* [Required action] Please repeat, exactly and without pictures, the lines of the entries below that run from the one containing "Dream Catcher &" through the one containing "Safety Sign, 7".

* [Dataset content]
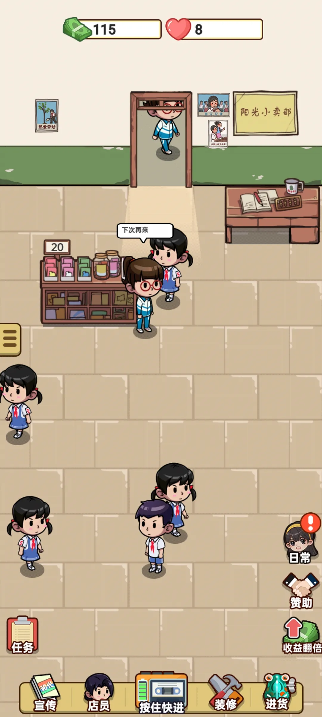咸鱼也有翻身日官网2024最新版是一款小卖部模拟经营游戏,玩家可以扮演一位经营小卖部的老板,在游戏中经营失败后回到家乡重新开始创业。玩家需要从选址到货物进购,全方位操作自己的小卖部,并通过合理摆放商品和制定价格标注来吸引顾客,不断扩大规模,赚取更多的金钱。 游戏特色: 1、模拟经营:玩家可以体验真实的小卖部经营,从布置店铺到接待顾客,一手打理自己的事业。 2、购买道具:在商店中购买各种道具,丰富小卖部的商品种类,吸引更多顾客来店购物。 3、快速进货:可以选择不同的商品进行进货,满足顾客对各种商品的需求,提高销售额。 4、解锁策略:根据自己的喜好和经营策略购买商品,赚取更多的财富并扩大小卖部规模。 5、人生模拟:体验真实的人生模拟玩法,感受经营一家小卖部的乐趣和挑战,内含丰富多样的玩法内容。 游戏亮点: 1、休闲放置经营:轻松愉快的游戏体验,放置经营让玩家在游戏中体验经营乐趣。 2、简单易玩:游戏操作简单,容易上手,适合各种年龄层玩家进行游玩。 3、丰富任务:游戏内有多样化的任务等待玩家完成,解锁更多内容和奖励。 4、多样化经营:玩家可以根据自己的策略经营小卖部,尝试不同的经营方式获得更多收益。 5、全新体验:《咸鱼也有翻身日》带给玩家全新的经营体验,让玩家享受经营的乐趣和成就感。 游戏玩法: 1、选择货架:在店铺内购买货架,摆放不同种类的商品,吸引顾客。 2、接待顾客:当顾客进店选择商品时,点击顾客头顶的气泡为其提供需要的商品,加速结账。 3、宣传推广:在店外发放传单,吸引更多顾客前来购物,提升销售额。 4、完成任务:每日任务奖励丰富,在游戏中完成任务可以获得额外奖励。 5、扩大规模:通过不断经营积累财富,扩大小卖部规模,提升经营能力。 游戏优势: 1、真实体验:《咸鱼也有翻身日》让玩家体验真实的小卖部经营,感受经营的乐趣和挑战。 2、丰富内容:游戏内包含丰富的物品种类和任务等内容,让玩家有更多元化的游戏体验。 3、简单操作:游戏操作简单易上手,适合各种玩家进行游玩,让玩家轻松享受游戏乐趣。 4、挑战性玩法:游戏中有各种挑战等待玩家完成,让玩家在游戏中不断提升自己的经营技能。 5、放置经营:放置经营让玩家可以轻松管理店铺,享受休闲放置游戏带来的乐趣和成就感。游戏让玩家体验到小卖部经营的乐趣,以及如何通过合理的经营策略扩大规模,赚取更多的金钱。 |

--

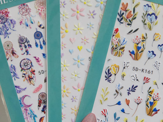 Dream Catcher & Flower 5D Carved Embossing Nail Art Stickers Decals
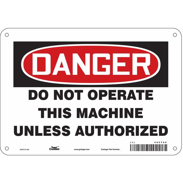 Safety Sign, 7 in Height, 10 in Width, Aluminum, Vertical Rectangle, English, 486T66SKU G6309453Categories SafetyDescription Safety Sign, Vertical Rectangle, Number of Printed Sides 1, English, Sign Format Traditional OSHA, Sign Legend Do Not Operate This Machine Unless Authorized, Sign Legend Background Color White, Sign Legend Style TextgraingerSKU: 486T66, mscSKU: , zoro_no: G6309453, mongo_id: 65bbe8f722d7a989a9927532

* [Task result]
 Dream Catcher & Flower 5D Carved Embossing Nail Art Stickers Decals
 Safety Sign, 7 in Height, 10 in Width, Aluminum, Vertical Rectangle, English, 486T66SKU G6309453Categories SafetyDescription Safety Sign, Vertical Rectangle, Number of Printed Sides 1, English, Sign Format Traditional OSHA, Sign Legend Do Not Operate This Machine Unless Authorized, Sign Legend Background Color White, Sign Legend Style TextgraingerSKU: 486T66, mscSKU: , zoro_no: G6309453, mongo_id: 65bbe8f722d7a989a9927532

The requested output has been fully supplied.